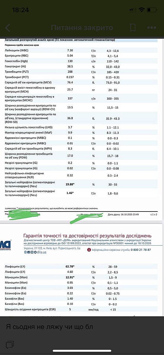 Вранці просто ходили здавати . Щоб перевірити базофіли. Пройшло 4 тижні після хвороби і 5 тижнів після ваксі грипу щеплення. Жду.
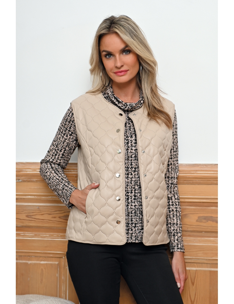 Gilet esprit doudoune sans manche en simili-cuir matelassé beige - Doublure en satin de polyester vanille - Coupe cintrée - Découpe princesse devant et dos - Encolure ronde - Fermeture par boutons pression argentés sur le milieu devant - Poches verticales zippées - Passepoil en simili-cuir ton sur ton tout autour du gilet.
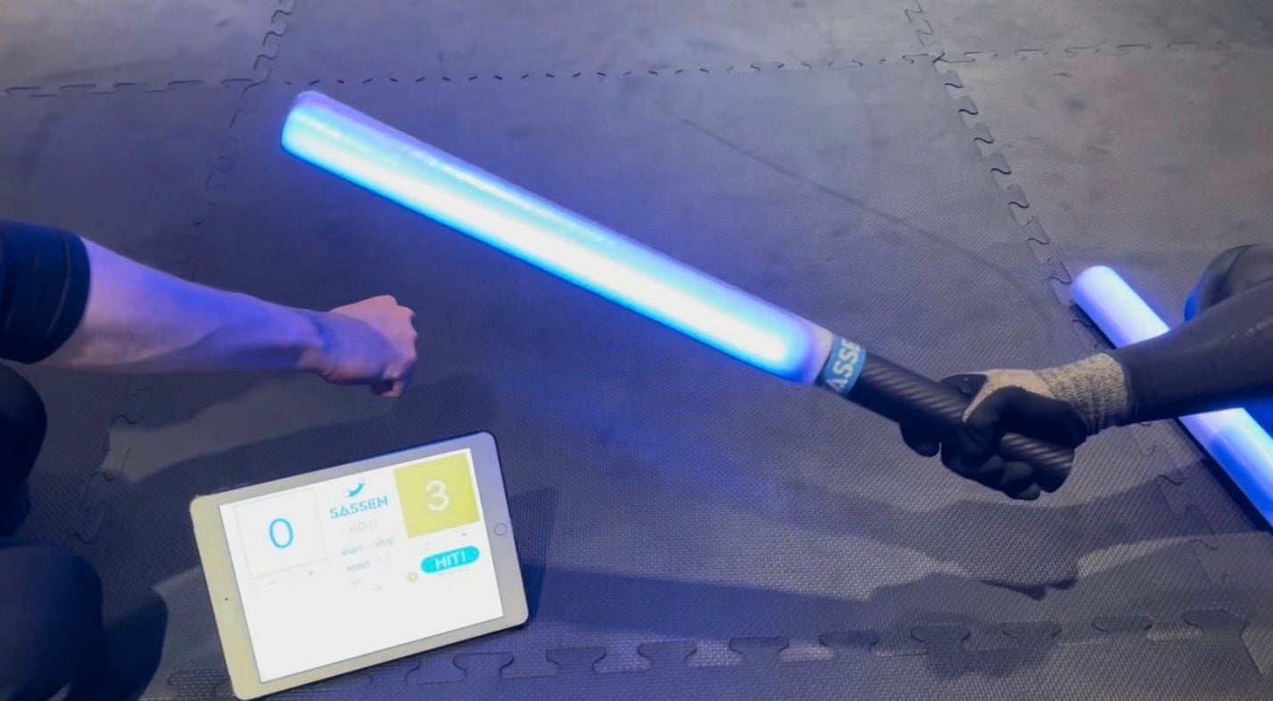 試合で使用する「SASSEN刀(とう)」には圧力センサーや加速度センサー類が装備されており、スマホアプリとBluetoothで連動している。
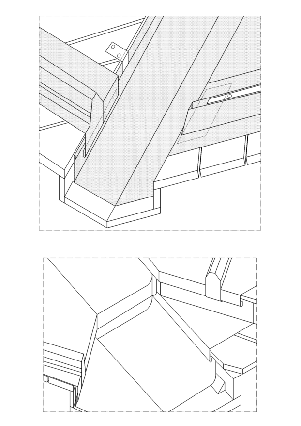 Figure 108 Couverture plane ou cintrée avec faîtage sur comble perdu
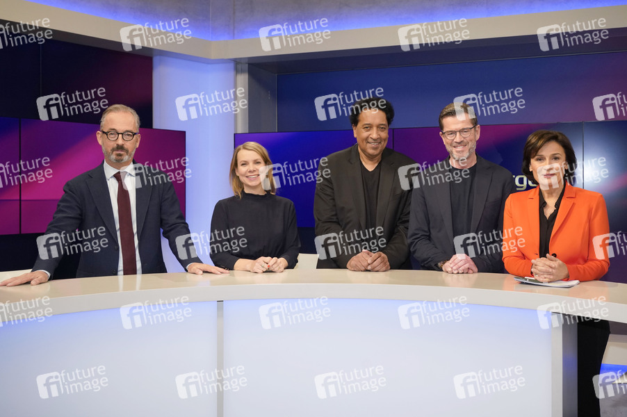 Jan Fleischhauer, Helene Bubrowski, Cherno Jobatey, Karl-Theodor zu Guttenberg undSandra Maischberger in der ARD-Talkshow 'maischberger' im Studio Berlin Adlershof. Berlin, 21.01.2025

### WHAT IS EXPECTED
Pictures aside, reproduce exactly the lines from the one containing "Figure 108 Couverture" to the end of the listing above, both ends included.

### ANSWER
 Figure 108 Couverture plane ou cintrée avec faîtage sur comble perdu
 Jan Fleischhauer, Helene Bubrowski, Cherno Jobatey, Karl-Theodor zu Guttenberg undSandra Maischberger in der ARD-Talkshow 'maischberger' im Studio Berlin Adlershof. Berlin, 21.01.2025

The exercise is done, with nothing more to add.